O diálogo entre os dois foi sendo enriquecido à cada dia. Claro que a amizade entre os dois haveria de chamar a atenção de Cavendish. Mas o pirata gostou da proximidade e do aprendizado de Thomas. Assim, haveria um entre eles que falava a língua da mais nova colônia espanhola no novo mundo.

— Vamos Horton. – chamou Swan. – Você não quer sair um pouco dessa banheira velha?

— Acho que todos nós queremos, velho. Você vai descer também.

— Descer?! – Swan deu uma cuspida para o lado. – Eu não. Não quero virar comida de índio.

— Talvez eles que acabem virando nosso almoço! – disse rindo um dos marinheiros. – Estou com uma fome que eu comeria um desses índios. – uma explosão de risos acompanhou as palavras do marinheiro.

— Pois eu prefiro me fartar com uma das índias. Um camarada me disse que são lindas.

— Ah eu só acredito vendo... – respondeu outro

— Atenção seu bando de rufiões! – Cavendish apareceu no convés com dois de seus capitães. – Precisamos de água potável e víveres. Levem os barris vazios e tragam bastante alimento. Horton!

— Senhor?

— É o segundo melhor atirador do grupo. Reúna alguns homens para a guarda dos que vão à terra. E lembrem-se homens, os perigos dessa terra selvagem estão atrás de qualquer arvore ou pedra.

— Sim Senhor! – respondeu o grupo que ia descer.

Thomas chamou uns quatro homens. Os melhores no uso do arcabuz. Bons de mira e rápidos no raciocínio.

O grupo desceu do navio em botes e rumou para a praia. Na praia, Thomas olhou em volta. A exuberância da mata fechada ainda era mais impressionante do que de longe e ele se sentiu pequeno diante de tudo aquilo.

Aves voavam entre as arvores, fugindo daquilo que elas consideravam uma invasão de seu território. Os homens que já haviam visitado aquela parte do mundo percorriam com segurança entre as arvores comendo as frutas ao mesmo tempo em que as colhiam, aliviando a forçada dieta a base de carne salgada e biscoitos.

Logo eles chegaram à uma cachoeira. Os homens depositaram os barris no chão e, tirando as roupas, caíram na água. Depois da permanência forçada nos navios, eles pulavam e brincavam como crianças travessas, curtindo a liberdade antes de voltarem a rotina dura da viagem.

Depois de se refrescar, Thomas ainda observou os homens por algum tempo antes de pegar a sua arma e começar a caminhar.

— Ei Horton! – um dos marinheiros o chamou de dentro da água. – Aonde vai?

— Caminhar e verificar se encontro alguma caça. Voltarei logo.

Thomas começou a caminhar por entre as arvores, acompanhando o fluxo da água. Logo ele encontrou outra cachoeira onde um grupo de mulheres e crianças se divertiam. Eram os nativos da terra. Seu corpo logo reagiu a visão das mulheres nuas, de corpo moreno e longos cabelos pretos. Algumas ainda bastante novas. As crianças corriam por entre as pedras e pulavam na água usando os ramos que desciam das árvores.
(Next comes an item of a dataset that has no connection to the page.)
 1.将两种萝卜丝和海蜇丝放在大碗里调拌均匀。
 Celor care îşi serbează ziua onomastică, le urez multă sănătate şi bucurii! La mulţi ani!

Um alto grunhido animal foi ouvido pelo grupo e as mulheres correram para pegar as crianças. Mas uma não foi tão rápida em fugir e ficou na mira de uma besta enorme.
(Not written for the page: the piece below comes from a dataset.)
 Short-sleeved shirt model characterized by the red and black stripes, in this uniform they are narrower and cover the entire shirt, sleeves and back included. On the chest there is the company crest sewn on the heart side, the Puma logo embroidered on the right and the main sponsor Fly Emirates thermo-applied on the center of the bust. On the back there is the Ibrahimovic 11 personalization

Algo que parecia um porco, mas era pelo menos duas vezes maior do que um. O animal cavava a terra com suas patas mirando a índia e a criança que ela carregava no colo.

Thomas tinha que pensar rápido. O animal raivoso iria dilacerar os dois nativos se ele não agisse. Ele desceu rapidamente já com a arma em punho.

O animal detectou a presença de Thomas e avançou da direção do inglês. Ele fez mira e atirou. Atingido, o bicho caiu no chão, mas ainda avançava em sua direção. Thomas recarregou a arma e atirou novamente.

O porco do mato, ainda grunhindo, caiu a metros dele. O inglês abaixou a arma respirando profundamente. Agora, frente a frente com o animal, ele podia ver as presas poderosas. A mãe e o menino índio não teriam nenhuma chance.

Thomas olhou na direção em que os dois deveriam estar, mas não os viu. Ao invés deles, três índios, altos e fortes o olhavam ameaçadores. Carregavam uma espécie de arco e flecha. Todas apontadas em sua direção.